Task goal:
Copy out all the lines of the data precisely, omitting any pictures.

Records from a data source:
== Segment start ==

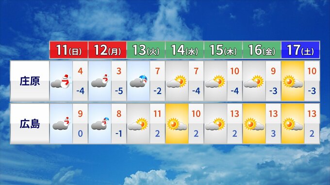 3連休は県内も強い寒気が流れ込み、強烈寒波が到来する見込みです。大雪に注意が必要となり、積雪や路面凍結による交通障害などに十分注意が必要です。その後来週火曜日以降は、南部では晴れ間が広がる予想です。
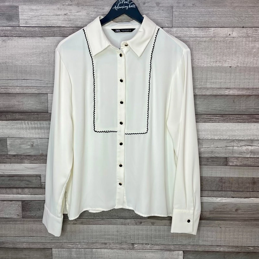 Zara törtfehér elegáns blúz fekete-arany gombokkal M
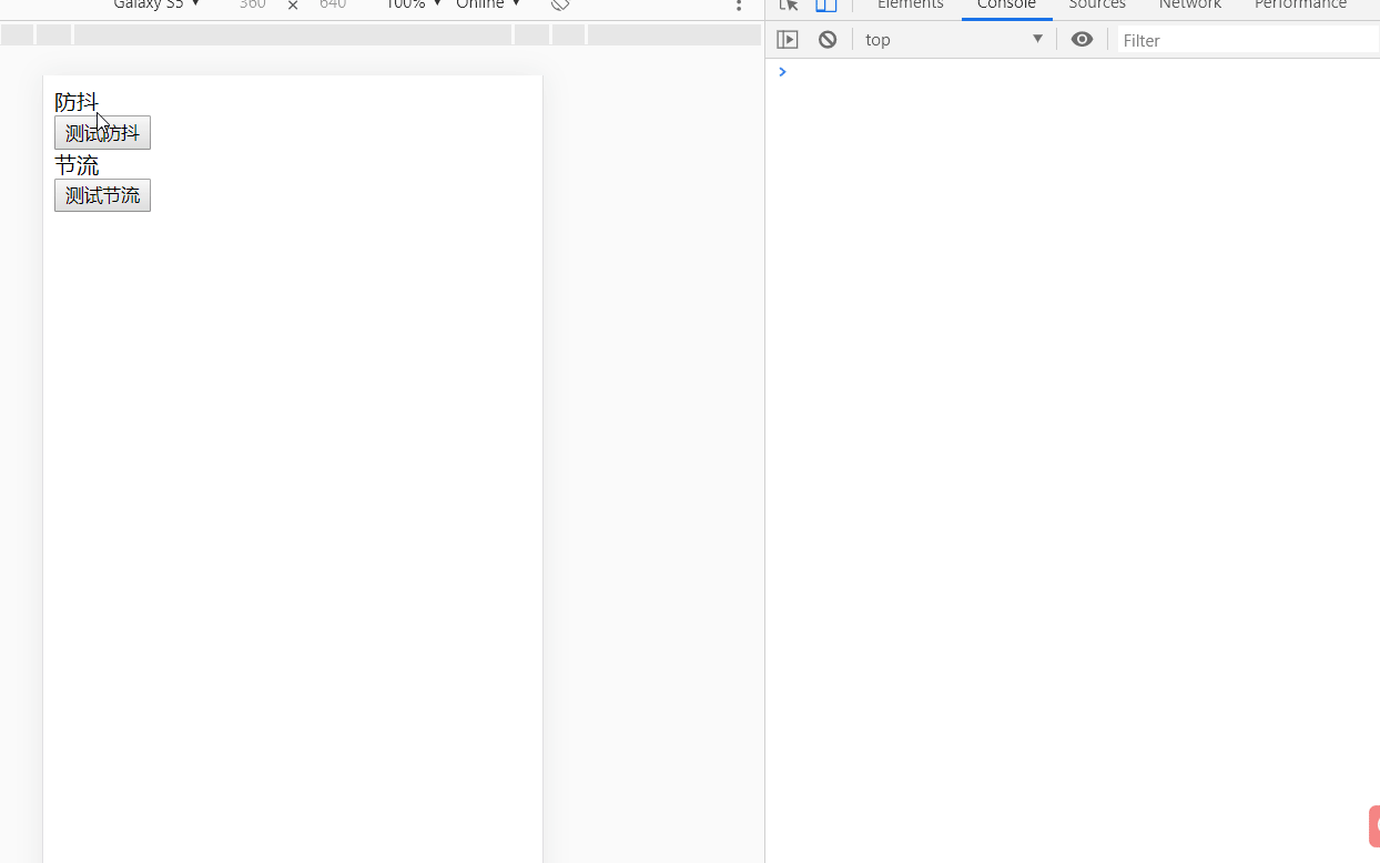 // 通俗来讲:所谓节流,就是指连续触发事件但是在 n 秒中只执行一次函数。 节流会稀释函数的执行频率。
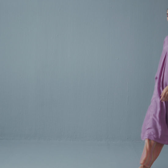 Crafted in pure silk, this pleated kurta is paired with stylish printed pants. Versatile and elegant, it can be dressed up or down to suit any occasion.
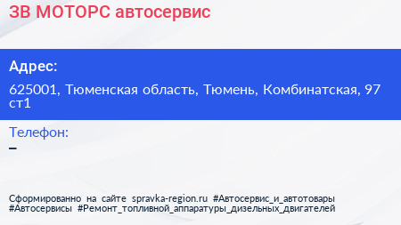 ЗВ МОТОРС, автосервис по адресу 625001, Тюменская область, Тюмень, Комбинатская, 97 ст1 в дальнейшем Организация, размещена в следующих категориях:
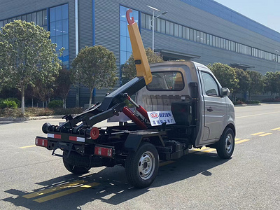 長(zhǎng)安底盤改勾臂式垃圾車容積為2~3方,標(biāo)配邊三底四的垃圾箱一個(gè),采用江蘇液壓油缸液壓泵,國(guó)產(chǎn)多路閥。
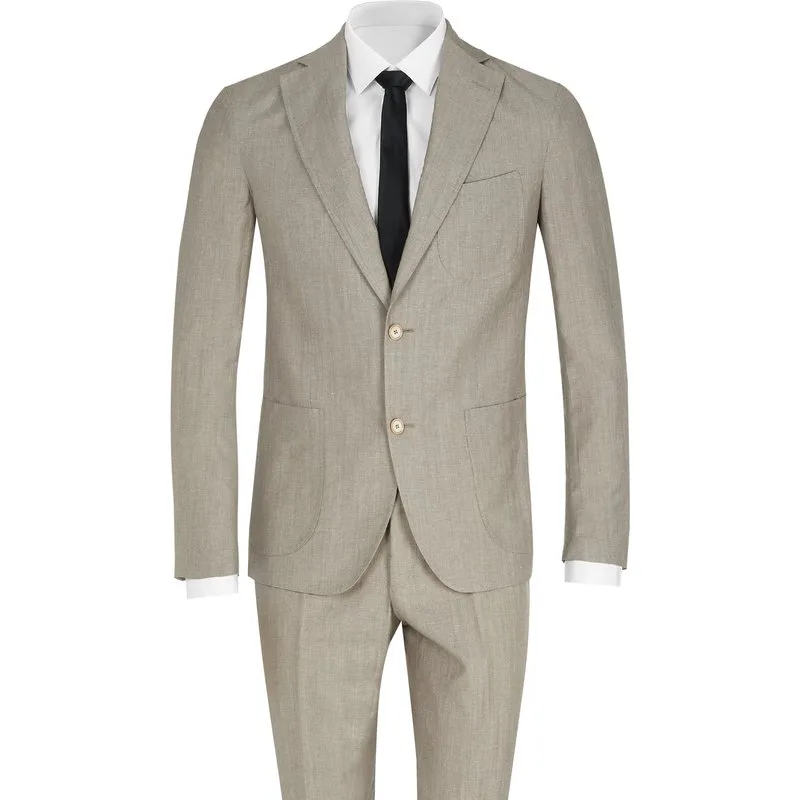 54% wol, 46% linnen; Pal Zileri-pak; Model: M33PF2492--34116 36; Hoogwaardige afwerking; Zachte wolmix; reverskraag; Twee voorzakken, één borstzak; Twee binnenzakken; Twee zijsplitten; Sluiting pantalon: ritssluiting, knoop; Twee zijzakken, twee paspelzakken aan de achterkant; riemlussen; Pal Zileri-logodetails
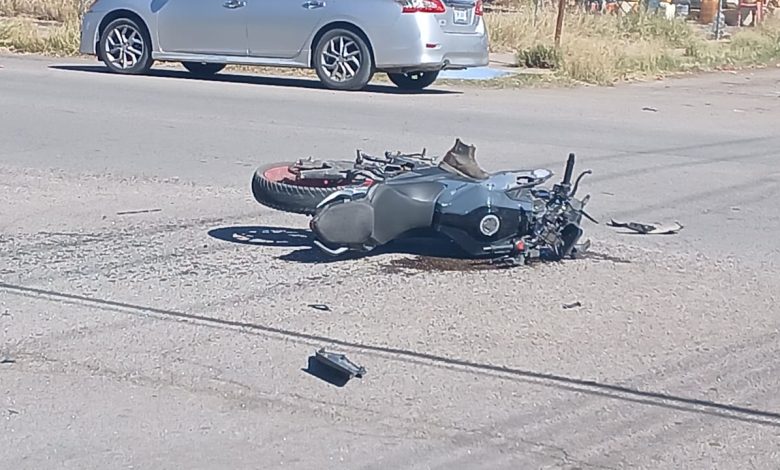 Con desprendimiento del lóbulo auricular derecho, una herida cortante en la frente y múltiples lesiones consideradas como politraumatismo, resultó un motociclista tras verse involucrado en un aparatoso accidente contra un vehículo particular.
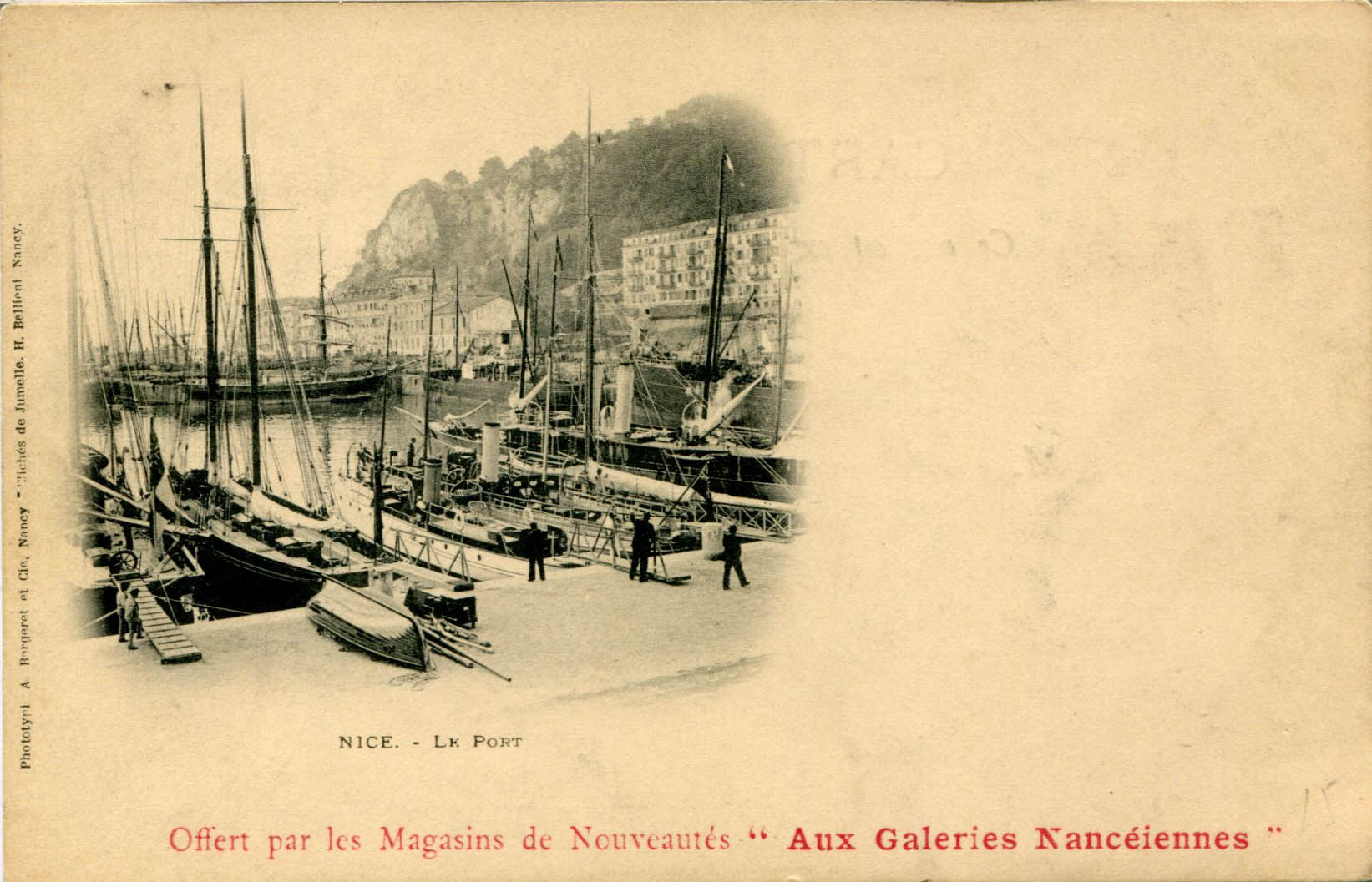 galerie / 06 - Marché, établissements commerciaux et industriels de la Ville de Nancy / 2 - Commerces et industries de la Ville de Nancy / 01 - Grands Magasins / 1 - Aux Galeries Nancéiennes (Cartes publicitaires) / Nice - Le port

== Segment end ==

Solution to this problem:
 3連休は県内も強い寒気が流れ込み、強烈寒波が到来する見込みです。大雪に注意が必要となり、積雪や路面凍結による交通障害などに十分注意が必要です。その後来週火曜日以降は、南部では晴れ間が広がる予想です。
 Zara törtfehér elegáns blúz fekete-arany gombokkal M
 // 通俗来讲:所谓节流,就是指连续触发事件但是在 n 秒中只执行一次函数。 节流会稀释函数的执行频率。
 Crafted in pure silk, this pleated kurta is paired with stylish printed pants. Versatile and elegant, it can be dressed up or down to suit any occasion.
 ЗВ МОТОРС, автосервис по адресу 625001, Тюменская область, Тюмень, Комбинатская, 97 ст1 в дальнейшем Организация, размещена в следующих категориях:
 長(zhǎng)安底盤改勾臂式垃圾車容積為2~3方,標(biāo)配邊三底四的垃圾箱一個(gè),采用江蘇液壓油缸液壓泵,國(guó)產(chǎn)多路閥。
 54% wol, 46% linnen; Pal Zileri-pak; Model: M33PF2492--34116 36; Hoogwaardige afwerking; Zachte wolmix; reverskraag; Twee voorzakken, één borstzak; Twee binnenzakken; Twee zijsplitten; Sluiting pantalon: ritssluiting, knoop; Twee zijzakken, twee paspelzakken aan de achterkant; riemlussen; Pal Zileri-logodetails
 Con desprendimiento del lóbulo auricular derecho, una herida cortante en la frente y múltiples lesiones consideradas como politraumatismo, resultó un motociclista tras verse involucrado en un aparatoso accidente contra un vehículo particular.
 galerie / 06 - Marché, établissements commerciaux et industriels de la Ville de Nancy / 2 - Commerces et industries de la Ville de Nancy / 01 - Grands Magasins / 1 - Aux Galeries Nancéiennes (Cartes publicitaires) / Nice - Le port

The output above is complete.